# [Exercise objective]
Without including any pictures, reproduce all the lines below word for word.

# [Dataset extract]
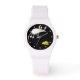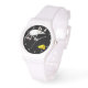 Drôle souris blanche avec pieds et oreilles roses, bondissant dans l'air au-dessus d'un coin orange de fromage. Arrière - plan noir avec points blancs. Amusez-vous à passer du temps avec cette très mignonne montre bracelet!
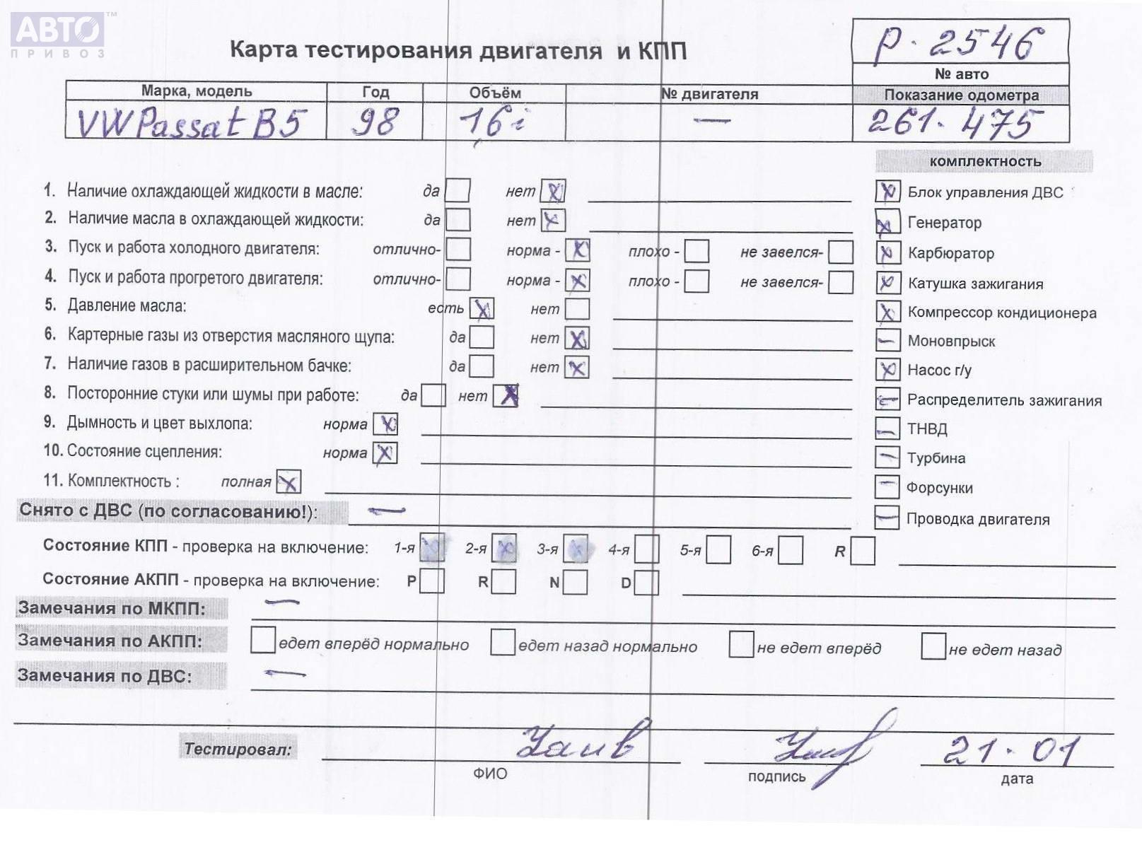 | Марка / Модель / Год: | Volkswagen Passat B5 1998 |
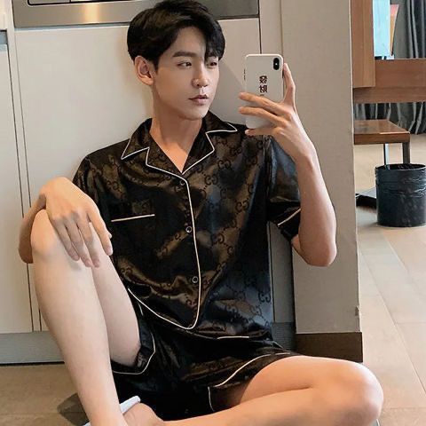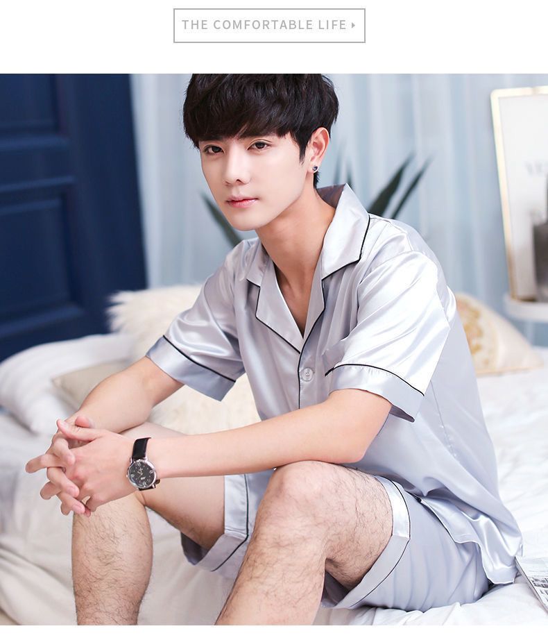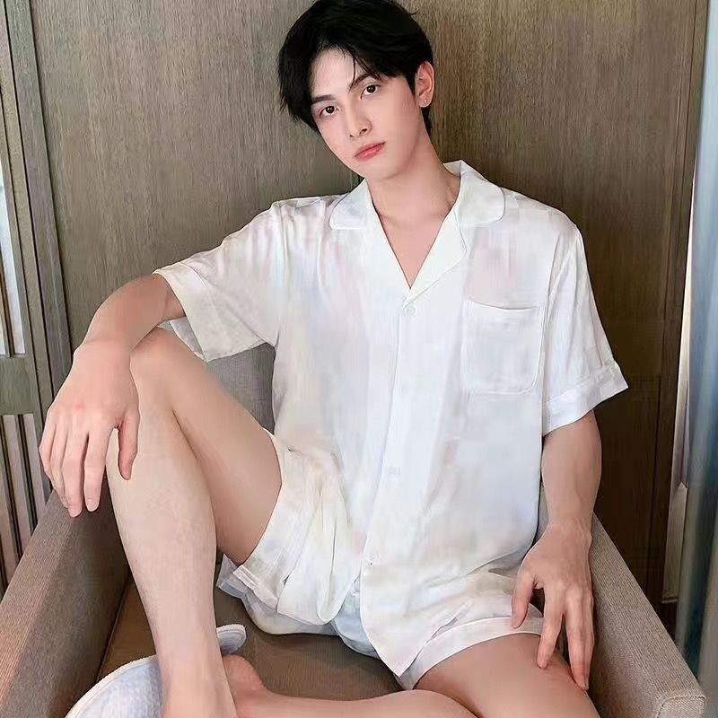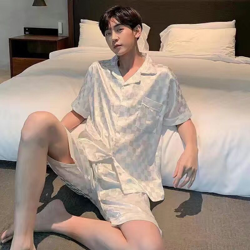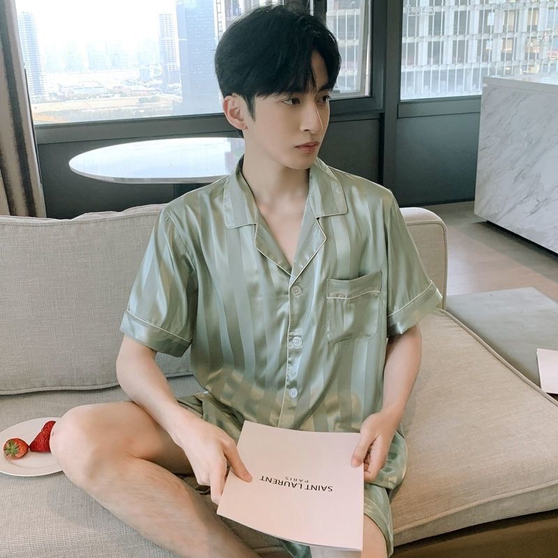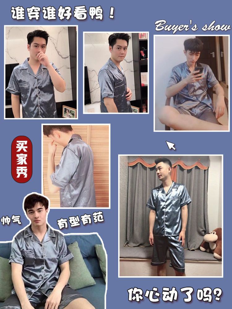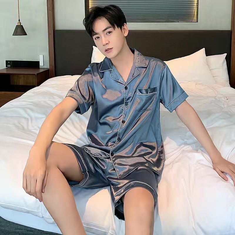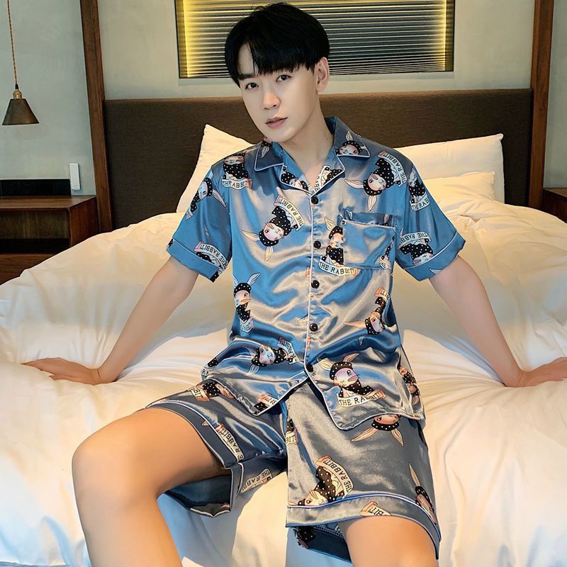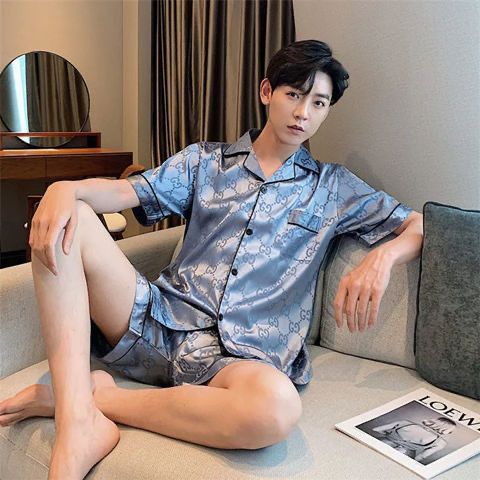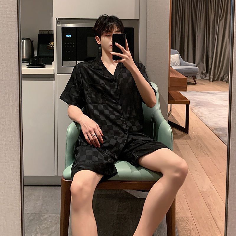 睡衣男夏季短袖冰丝薄款帅气家居服宽松大码丝绸男孩可外穿套装

# [Exercise response]
 Drôle souris blanche avec pieds et oreilles roses, bondissant dans l'air au-dessus d'un coin orange de fromage. Arrière - plan noir avec points blancs. Amusez-vous à passer du temps avec cette très mignonne montre bracelet!
 | Марка / Модель / Год: | Volkswagen Passat B5 1998 |
 睡衣男夏季短袖冰丝薄款帅气家居服宽松大码丝绸男孩可外穿套装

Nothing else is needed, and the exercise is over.